* **Exercise instructions**
The required output is the exact run of lines below that opens at the line with "enfants ! Je" and closes at the line with "Recycled PU duffle".

* **Data to use**
□ □ □ □ □ □ □

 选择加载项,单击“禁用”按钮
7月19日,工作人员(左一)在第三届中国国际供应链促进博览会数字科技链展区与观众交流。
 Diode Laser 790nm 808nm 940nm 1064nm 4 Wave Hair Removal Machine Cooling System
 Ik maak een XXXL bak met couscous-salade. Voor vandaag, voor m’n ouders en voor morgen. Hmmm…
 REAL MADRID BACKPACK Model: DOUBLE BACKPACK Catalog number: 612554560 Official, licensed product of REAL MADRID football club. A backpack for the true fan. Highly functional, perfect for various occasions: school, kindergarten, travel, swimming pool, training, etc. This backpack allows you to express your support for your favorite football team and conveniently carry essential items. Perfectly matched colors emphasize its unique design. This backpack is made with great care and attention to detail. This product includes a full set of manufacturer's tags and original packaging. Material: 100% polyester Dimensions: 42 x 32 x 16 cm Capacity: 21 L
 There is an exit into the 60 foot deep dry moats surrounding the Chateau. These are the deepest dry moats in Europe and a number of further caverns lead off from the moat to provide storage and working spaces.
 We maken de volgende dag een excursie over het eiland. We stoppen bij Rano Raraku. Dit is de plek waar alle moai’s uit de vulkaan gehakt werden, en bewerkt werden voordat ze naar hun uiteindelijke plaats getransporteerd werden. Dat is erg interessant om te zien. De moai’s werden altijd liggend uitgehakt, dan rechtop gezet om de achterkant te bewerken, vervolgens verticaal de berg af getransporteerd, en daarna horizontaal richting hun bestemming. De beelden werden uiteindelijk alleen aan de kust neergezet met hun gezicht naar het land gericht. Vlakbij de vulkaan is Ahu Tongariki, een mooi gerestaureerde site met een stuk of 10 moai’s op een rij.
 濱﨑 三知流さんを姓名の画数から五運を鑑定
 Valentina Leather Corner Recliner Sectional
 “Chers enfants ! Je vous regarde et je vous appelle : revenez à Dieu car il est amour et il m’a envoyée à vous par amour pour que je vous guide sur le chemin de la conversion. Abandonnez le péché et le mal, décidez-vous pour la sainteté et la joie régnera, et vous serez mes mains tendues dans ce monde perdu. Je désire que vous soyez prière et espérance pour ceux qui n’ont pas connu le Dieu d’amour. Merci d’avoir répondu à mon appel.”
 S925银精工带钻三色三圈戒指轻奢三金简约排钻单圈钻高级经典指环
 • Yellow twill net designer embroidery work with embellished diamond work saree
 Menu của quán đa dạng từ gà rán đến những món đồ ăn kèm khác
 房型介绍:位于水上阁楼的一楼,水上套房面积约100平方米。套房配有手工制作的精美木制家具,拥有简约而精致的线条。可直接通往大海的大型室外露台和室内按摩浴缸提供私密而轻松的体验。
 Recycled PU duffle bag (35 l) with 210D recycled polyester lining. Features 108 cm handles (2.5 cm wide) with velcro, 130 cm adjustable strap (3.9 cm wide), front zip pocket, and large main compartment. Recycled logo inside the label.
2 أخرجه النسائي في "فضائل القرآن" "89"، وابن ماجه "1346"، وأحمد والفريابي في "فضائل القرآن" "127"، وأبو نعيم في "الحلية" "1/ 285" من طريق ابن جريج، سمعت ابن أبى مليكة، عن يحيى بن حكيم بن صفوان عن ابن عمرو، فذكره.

□ □ □ □ □ □ □

* **Task result**
 “Chers enfants ! Je vous regarde et je vous appelle : revenez à Dieu car il est amour et il m’a envoyée à vous par amour pour que je vous guide sur le chemin de la conversion. Abandonnez le péché et le mal, décidez-vous pour la sainteté et la joie régnera, et vous serez mes mains tendues dans ce monde perdu. Je désire que vous soyez prière et espérance pour ceux qui n’ont pas connu le Dieu d’amour. Merci d’avoir répondu à mon appel.”
 S925银精工带钻三色三圈戒指轻奢三金简约排钻单圈钻高级经典指环
 • Yellow twill net designer embroidery work with embellished diamond work saree
 Menu của quán đa dạng từ gà rán đến những món đồ ăn kèm khác
 房型介绍:位于水上阁楼的一楼,水上套房面积约100平方米。套房配有手工制作的精美木制家具,拥有简约而精致的线条。可直接通往大海的大型室外露台和室内按摩浴缸提供私密而轻松的体验。
 Recycled PU duffle bag (35 l) with 210D recycled polyester lining. Features 108 cm handles (2.5 cm wide) with velcro, 130 cm adjustable strap (3.9 cm wide), front zip pocket, and large main compartment. Recycled logo inside the label.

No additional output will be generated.